Sunday, November 15, 2020

The Right Kind of Fear

When I was pastor at the University of Arkansas in Fayetteville, one of the topics I most often discussed with our students were their plans for the future. Their dreams and expectations always inspired me: for example, to become a great doctor, to heal people; or to start a business, in order to build something of their own; or to be an engineer, to discover new technologies to make the future better. Often, I found that along with their dreams and hopes, these students were also motivated by a certain kind of fear: a fear of *not* reaching the goal they had. They knew that their goals were lofty and difficult to achieve, and so that fear also motivated them to work hard, to keep striving through difficulties in order to achieve what they desired.

Most of the time, we think of fear as bad, but a certain kind of fear – the right kind – can be good. Good fear motivates us; it challenges us. It spurs us onward to achieve what is difficult – what we might not do otherwise. We see the difference between these two kinds of fear in the Gospel today. Each of the three servants know that they have a demanding Master, one whom they are afraid of disappointing. The ones who receive five talents and two talents, respectively, have the right kind of fear; they intuitively understand that their Master expects a return on what he has entrusted to them, and so they get down to business. On the other hand, the servant who receives one talent is afraid in a bad way; he doesn’t know what his Master wants, and so his fear becomes crippling, leading him to do nothing. When he returns, the Master is angry with the idleness of the servant; he knew his Master was demanding, but instead he did nothing. And his inactivity is made all the worse when it is compared with the industriousness of the other two.

What the unfortunate servant lacked was a desire for greatness, and the right kind of fear that comes with it. In most areas of our lives, we want to be great. We don’t aim for mediocrity in our jobs, in our friendships, in our family relationships – we want greatness, whether we end up achieving it or not. But when it comes to our relationship with God, too often we settle for being just okay. We don’t want to be *bad*, per se, but we’re alright with not being the best. The question is why? What are we afraid of? Are we afraid of appearing foolish to others? Or perhaps the problem is something else. Perhaps we are afraid of being great – great disciples, great friends of Jesus, great servants of the Lord? Perhaps, like the servant who only received one talent, we are afraid of taking action, of being decisive in striving for greatness?

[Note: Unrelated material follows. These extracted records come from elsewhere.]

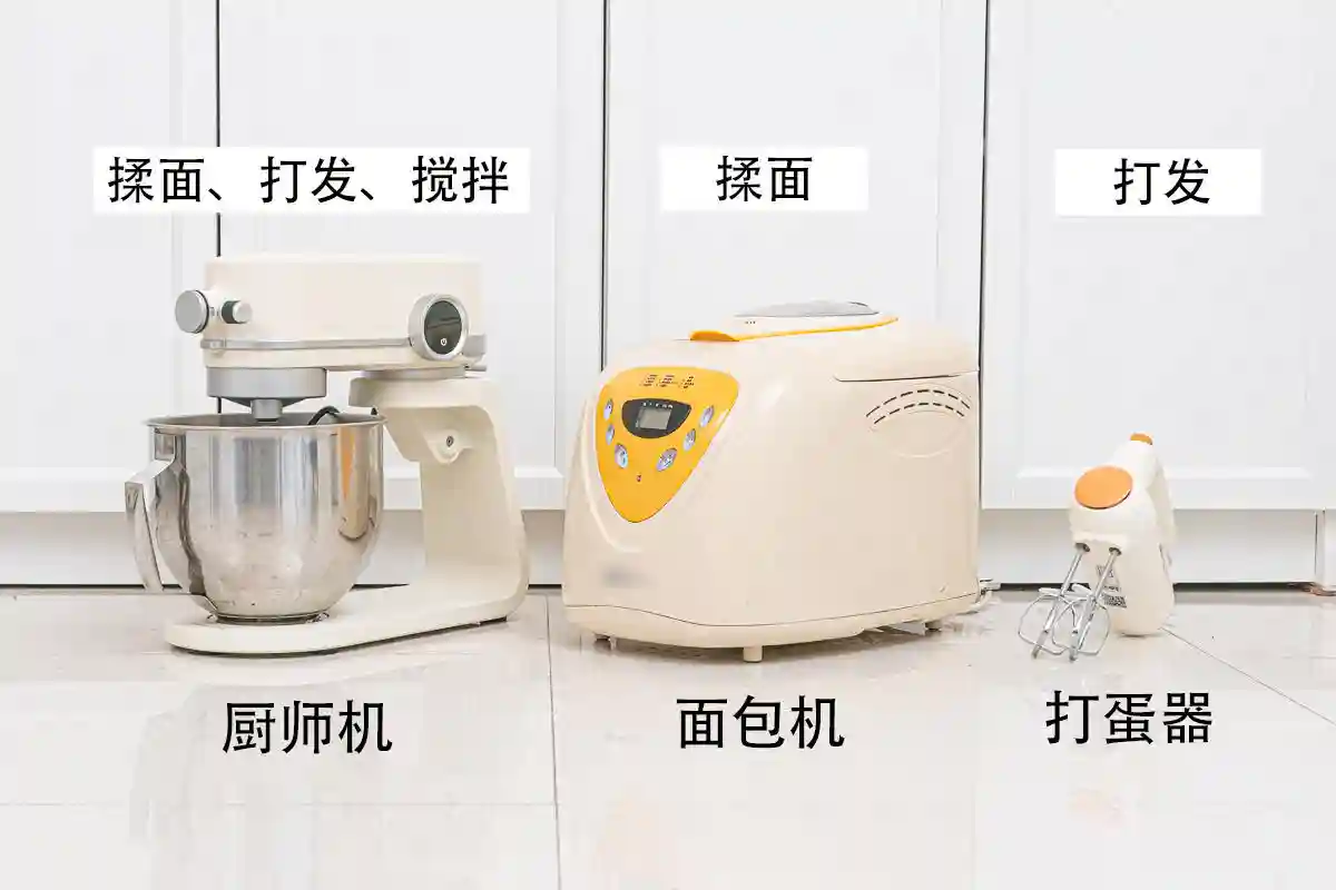 ▼作为一个烘焙从入门到小有心得的值友,在器材上的投入上也走了不少的弯路,从入门面包机、外资旗舰面包机、手持打蛋器,烘培各种失败,再到使用厨师机后烘培才慢慢得心应手。首先给大家一个结论,有了厨师机就不再需要去购买面包机和手持电动打蛋器了。虽然从原理上来讲,面包机也可以揉面,手持电动打蛋器也可以打发蛋清和淡奶油,但它们与厨师机比,不管是效率还是出品的效果,再到稳定性、耐久性,都有不少的差距。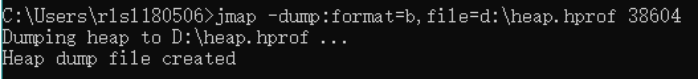jmap -dump:format=b,file=d:\heap.hprof 38604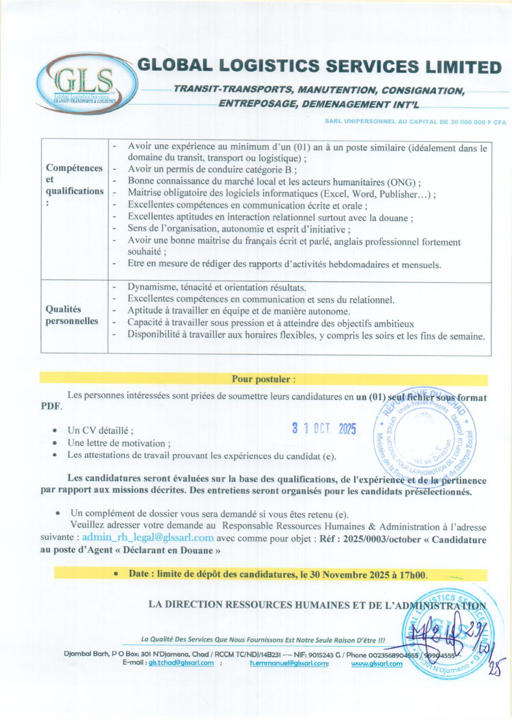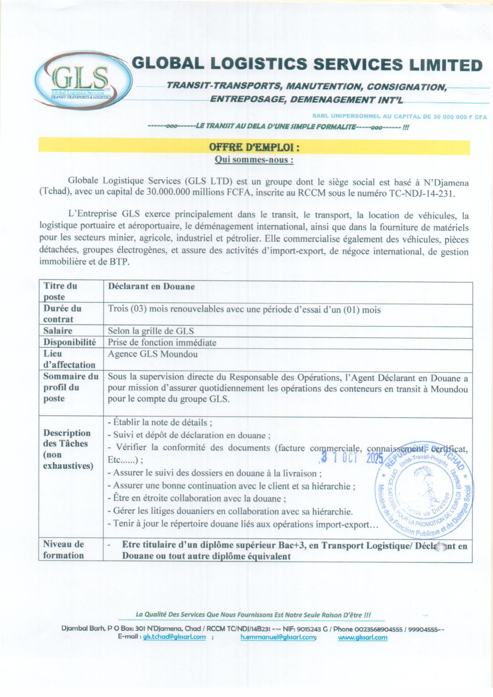 Accueil » Opportunités » Afrique » Tchad » Global Logistics Services Limited (GLS) recrute à Moundou un Déclarant en Douane (H/F), Tchad

Andrei Mironov, The Parable of the Talents (2013)

The truth is that the Lord desires our greatness. He wants us to be great, but great in what really matters – in knowing and loving him, and in giving witness to him in how we live. Greatness in the earthly things of our life – our careers, our friendships, our families – are not in the end what he is truly interested in, because they don’t last beyond this world. But we were made for something beyond this earth; we have been created with an immortal soul that has the ability to know and love and serve him so that we may be with him in the next. In the end, that is the only kind of greatness that matters – the greatness of sanctity, of striving to serve the Lord at every moment and with every aspect of who we are. To do that we need a certain kind of fear – the kind that inspires us to boldness, to action, to strive through difficulties to achieve what we desire. It may be that we will make mistakes along the way; that’s okay – God offers us the chance always to begin anew. But what can’t be tolerated is inactivity, slothfulness – when we are afraid to seek his will or assuming that we have done what is necessary to satisfy him. It is then that we have to remember the warning of this parable: that the Lord expects us to be working hard until he returns because he will demand an account of what we have been given.

Friends, the Christian writer Léon Bloy once wrote: “The only real sadness, the only real failure, the only great tragedy in life, is not to become a saint.” That may seem like a high standard to strive for, but it is the same one Jesus gives us in the Gospel today. Jesus himself is ready to help us, of course – to give us the grace we need. But maybe he also is calling us to dream big ourselves and, like the students at the university, to be motivated by the fear of not achieving what he calls us to. As we prepare to celebrate the Eucharist in a few moments, let’s just make sure that what we are striving for, in the end, is not the greatness of earthly success, but the greatness of love, of sanctity, of Christian witness that will carry us to the life to come.